My suggestion: postgres one time response time increasing less than a few seconds is not a downtime.

Infrastructure

  1. We have several instances with application - application always should be available, even you restart one of instances;                                                                                                                                                                                                                                                                                                         
  2. We have balancer before instances;
  3. We have one database.

Timeline

  1. Our application works fine before, on and after migration - old application works fine with old and new database schema version;
  2. Our application works fine before, on and after instance updating - old and new application versions work fine with new database schema version.

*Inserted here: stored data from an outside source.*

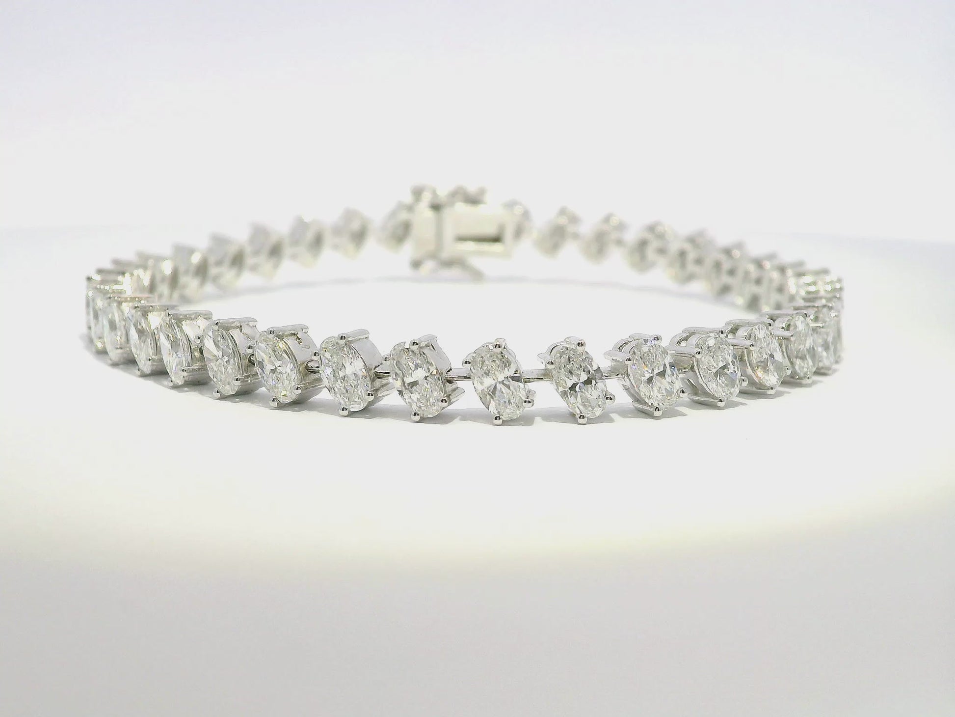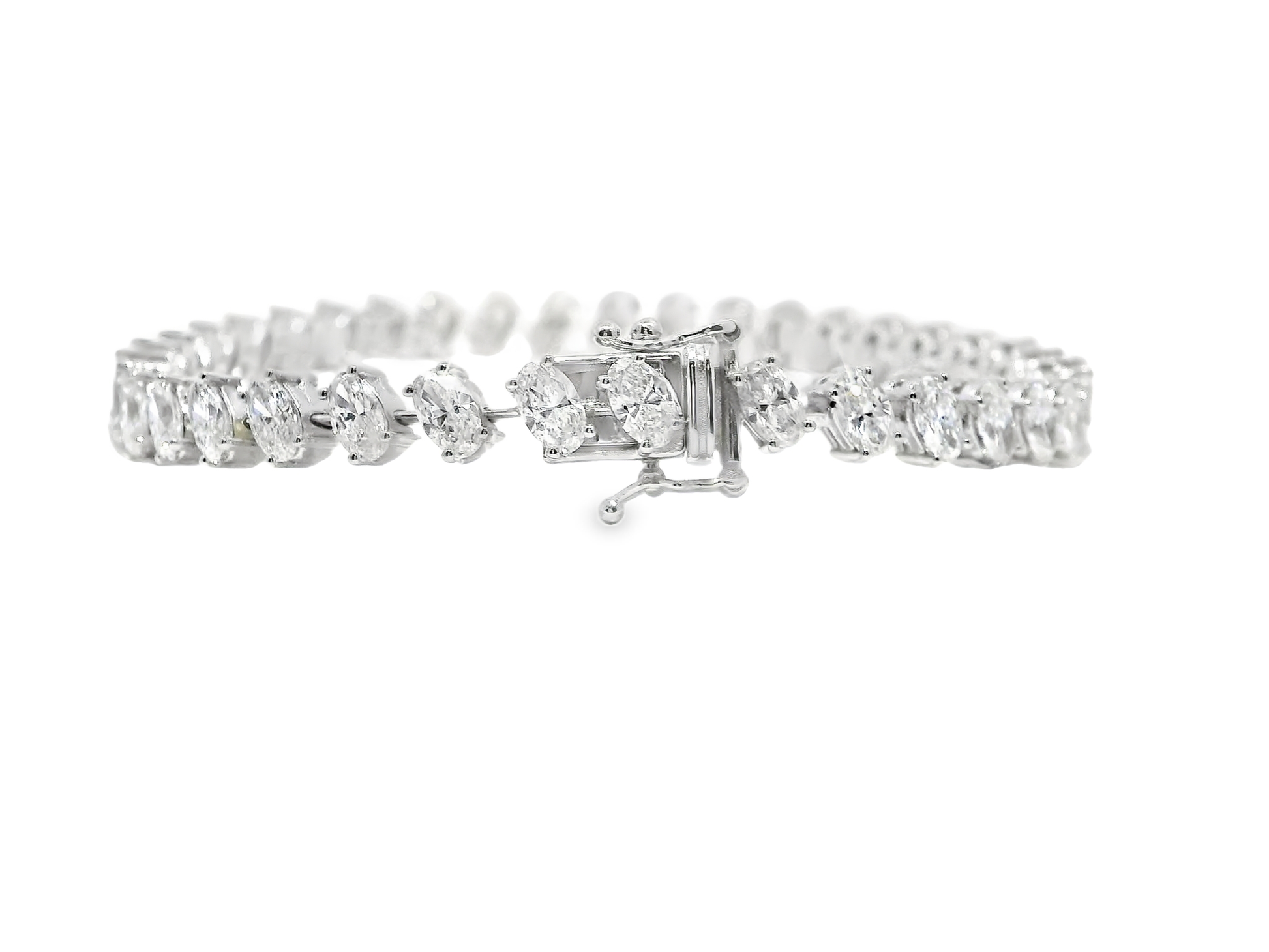 Expertly crafted with 14k white gold, this dazzling lab diamond bracelet features a stunning 7.47 carats of sparkling diamonds. With a classic and elegant design, this bracelet is perfect for any occasion and will add a touch of luxury to any outfit. A must-have for any jewelry collection.
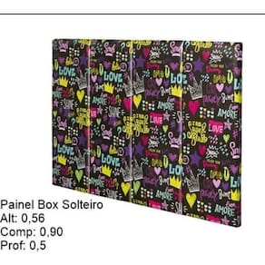 Painel Cabeceira Box 0,90 Infantil Cor Love Oferece um ambiente sofisticado de alta qualidade e acabamento para seu quarto. Procure nossas redes sociais e confira todos nossos produtos e qualidade de atendimento Dimensões do produto montado: Altura: 0,56 cm Largura: 0,90 cm Profundidade: 0,5 cm Montagem: O produto acompanha suporte para fixar na parde. Atenção: A montagem não é oferecida pela Comprar Moveis Em Casa, a montagem do produto é por conta do comprador. Fotos meramente ilustrativas não acompanham os produtos de decoração. Observações importantes: A é de 90 dias por defeitos de fabricação. Se no ato de recebimento do produto o cliente verificar que o produto não está em prefeito estado, principalmente por ocasião de transporte irregular, o cliente deverá recusar o recebimento do produto e entrar em contato para resolver o problema. Atenção, se atente a politica de troca ou devolução da empresa. Marca: Não Informado
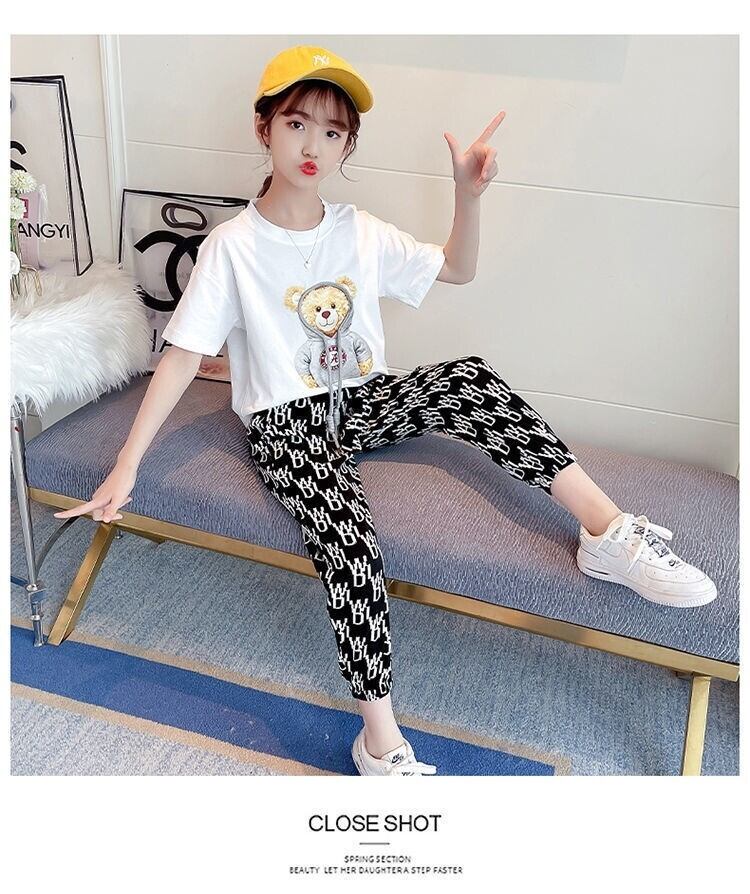 ガールズサマースーツ2021ニューリトルエインスタイルネットレッド半袖Tシャツミディアム&ラージキッズファッショナブルツーピースセット9 夏物 TB2-5 TB2-554594748939
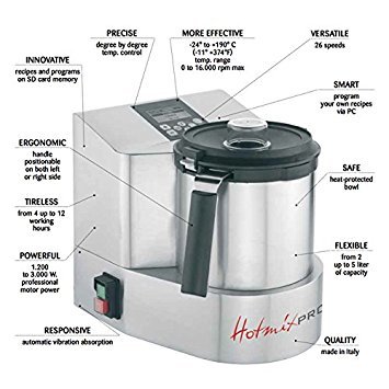 HotmixPRO GastroHotmixPRO Gastro is a food processor with added benefit of heat source. It processes many types of food with precise temperatures up to 190 degrees C (374 degrees F) up to 12500 RPM 78 different programmed functions and 168 classic recipes pre-loaded on the SD card. Whether caramelizing sugar setting custard creams blending sauces cooking jams or kneading doughs HotmixPro's automated processing prepares these recipes without constant attention from the chef.Preparation of complete recipes is convenient and programmed and allows any team member in the kitchen to perform even the most complicated recipes. The result is consistency in high-quality food preparation while increasing efficiency in the kitchen. HotmixPro Gastro is your versatile assistant in the kitchen.Precise: Degree by degree temperature control.More effective:-11 +374 degrees F (-24 to +190 degrees C) temp. range 0 to 16.00 rpm maximum.Smart: Program your own recipes via PC.Safe: Heat-protected bowl.Responsive: Automatic vibration absorption.Powerful: 1200 to 3000 W professional motor power.Tireless: From 4 up to 12 working hours.Ergonomic: Handle on both left or right side.Innovative: Recipes and programs on SD card memory.Feature
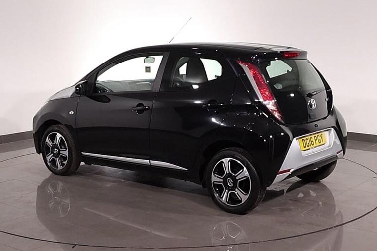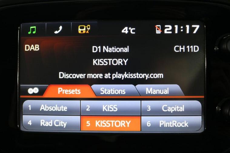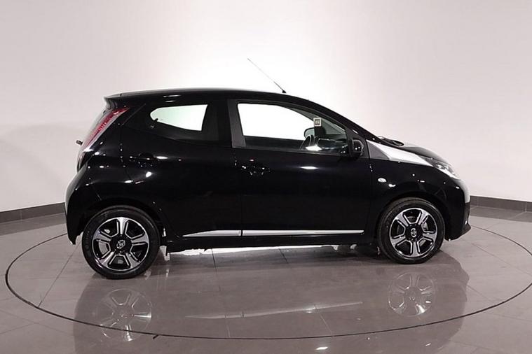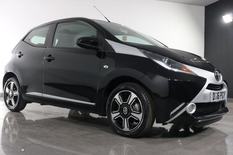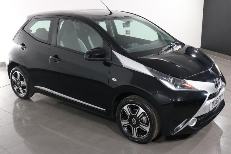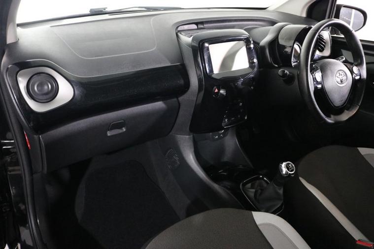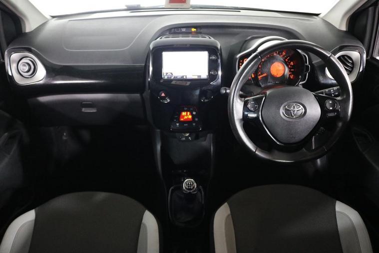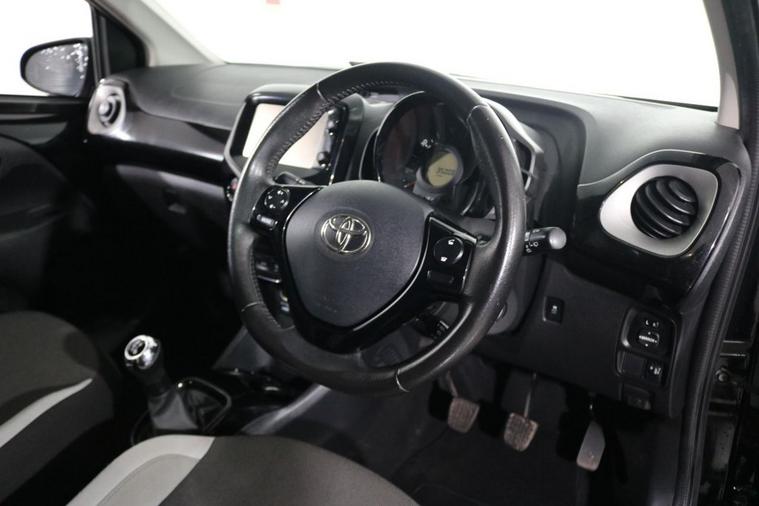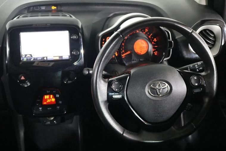 This desirable Toyota Aygo x-clusiv finished in Bold Black looks fantastic complemented by 15 inch Alloy Wheels and LED Running Lights. Enjoy economical motoring with JUST £20 ROAD TAX, up to 78 MPG and CHEAP INSURANCE. Find your way with integrated SATELLITE NAVIGATION with 7 inch TOUCHSCREEN Display. Keep connected to your Phones APPS through MIRROR LINK. Park in ease with REVERSE CAMERA. Listen to your music through DAB Digital Radio. Keep connected with BLUETOOTH Phone System with USB port and Music Streaming. Comfortable to drive with Auto CLIMATE CONTROLLED AIR CONDITIONING and Speed Limiting Function. Also equipped with ISOFIX seats, Auto Headlights, Multifunctional Steering Wheel, Immobiliser and Remote Door Locking with 2 x keys. Buy in confidence with JUST 2 OWNERS from new and SERVICE HISTORY with 7 x Documented Services.
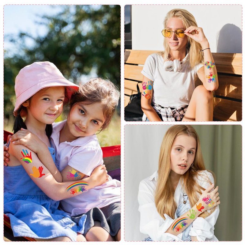 - Interesting Design: This is a cool temporary tattoo sticker designed on the theme of hi five! It has a fun design you made up of hi five gestures in different colors, blue, green, red, colorful, and all kinds of other colors! Get ready to use it to have yourself a good time! High five together!
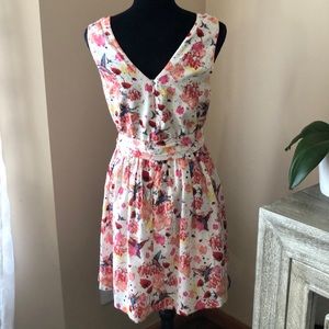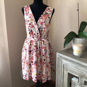 In excellent condition, pretty design and vibrant colors, v-neck, belt included, cotton material, lining under the dress is included, small zipper on the back. Length-34”, bust -17”
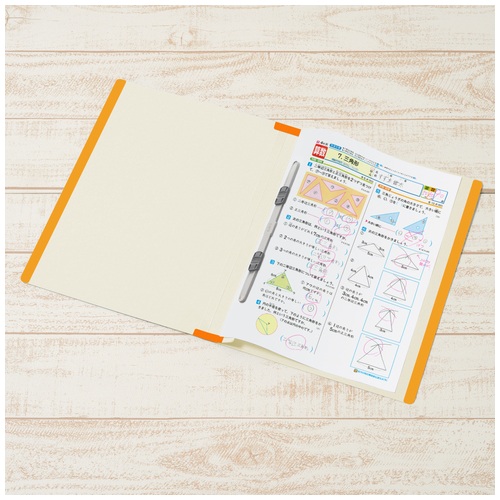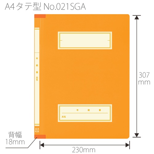 ●外形寸法(縦)[mm]:307●外形寸法(横)[mm]:230●色:オレンジ●背幅[mm]:18●穴数[穴]:2●穴間隔[mm]:80●規格:A4-S●材質:表紙=ファイルカード紙(ノンステッチ加工)、とじ具=ポリプロピレン(3つ山ストッパー)●年・組・番・氏名の記入欄付 ●最小出荷単位: 1
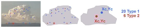 Idealised identification of different types of sources in a thunderstorm and its idealistic transformation into two centroids, which characterise the storm at a certain time.
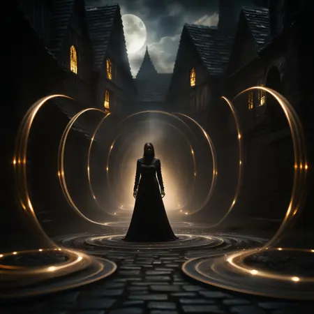 1boy, 1girl, 1other, arms at sides, bald, bare shoulders, black hair, blonde hair, body glow effect, breasts, brown hair, cape, cloak, closed eyes, closed mouth, depth of field, dress, facial hair, from behind, glowing, golden effect, golden spikes, ground minis, ground ripples, hood, jewelry, long hair, looking at viewer, ponytail, realistic, reflection, ripples, robe, short hair, sky daggers, sky hoops, solo, standing, time elemental, upper body, white hair, white rising effect,
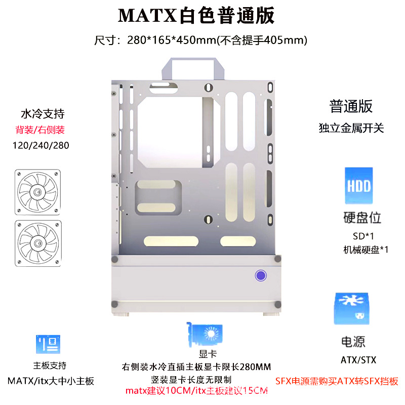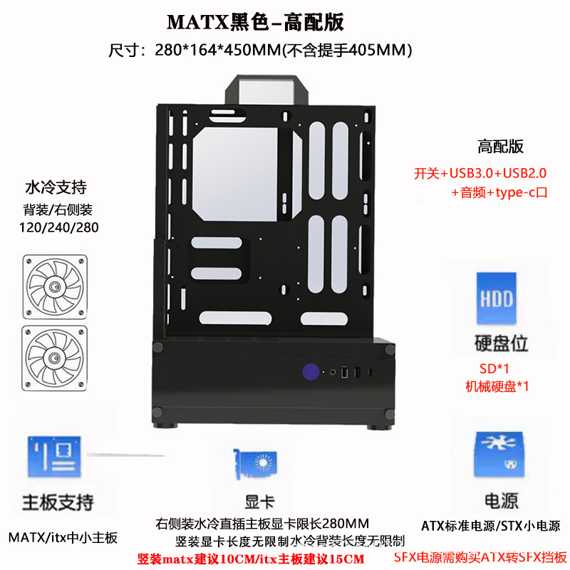 오픈 섀시 240/360 수냉식 공랭식 랙 ATX/MATX 그래픽 카드 수직 데스크탑 호스트 소형 섀시
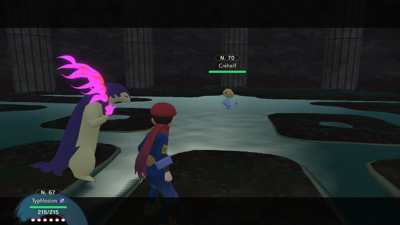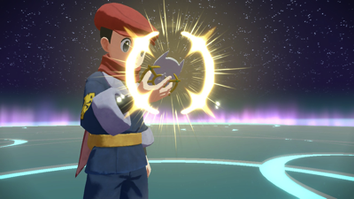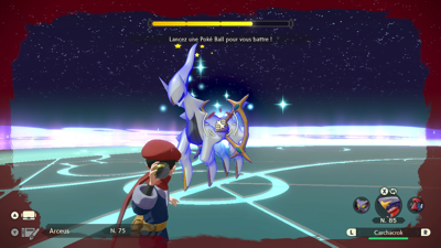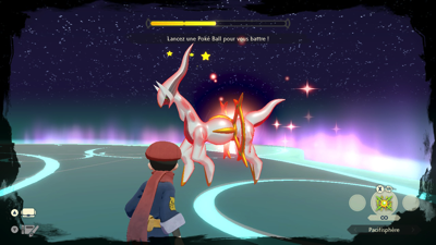 Pour déclencher le combat, vous devez d'abord lui enlever son bouclier (qui lui permet de brouiller vos sens) en le touchant avec l'un de vos Pokémon ou une Poké Ball (pensez aux Plume Balls).

Migrations and Business Logic

Schema Migrations Data Migrations Business Logic
CREATE TABLE, DROP TABLE, ALTER TABLE, CREATE INDEX, DROP INDEX SELECT, INSERT, UPDATE, DELETE SELECT, INSERT, UPDATE, DELETE
one thread one thread concurrent

Transactions

Table-level Locks

Table-level Locks for Migrations

lock operations
ACCESS EXCLUSIVE CREATE SEQUENCE,
DROP SEQUENCE,
CREATE TABLE,
DROP TABLE,
ALTER TABLE,
DROP INDEX
SHARE CREATE INDEX
SHARE UPDATE EXCLUSIVE CREATE INDEX CONCURRENTLY,
DROP INDEX CONCURRENTLY,
ALTER TABLE VALIDATE CONSTRAINT

Table-level Locks for Business Logic

lock operations conflict with locks conflict with operations
ACCESS SHARE SELECT ACCESS EXCLUSIVE ALTER TABLE,
DROP INDEX
ROW SHARE SELECT FOR UPDATE ACCESS EXCLUSIVE,
EXCLUSIVE
ALTER TABLE,
DROP INDEX
ROW EXCLUSIVE INSERT,
UPDATE,
DELETE
ACCESS EXCLUSIVE,
EXCLUSIVE,
SHARE ROW EXCLUSIVE,
SHARE
ALTER TABLE,
DROP INDEX,
CREATE INDEX

Transactions Flow

Migration Points

  1. decrease operation time for hard locks - use alternative operations with lighter lock or faster operations
  2. decrease waiting lock time - avoid slow business logic or analytic operation on migration time
  3. decrease queries count - run migrations when load minimal
  4. be careful with transactions for schema migrations - avoid too many operations in one transaction, especially for schema and data migrations

Timeouts

Use timeouts:

 

  • SET lock_timeout TO '2s'
  • SET statement_timeout TO '2s'

 

Be careful with global statement_timeout for CREATE INDEX CONCURRENTLY or ALTER TABLE VALIDATE CONSTRAINT (disable statement_timeout for them).

Deadlocks

Avoid too many operations in one transaction for schema migrations, especially for FOREIGN KEYS in active used tables (FOREIGN KEY constraint changes take ACCESS EXCLUSIVE lock for two tables).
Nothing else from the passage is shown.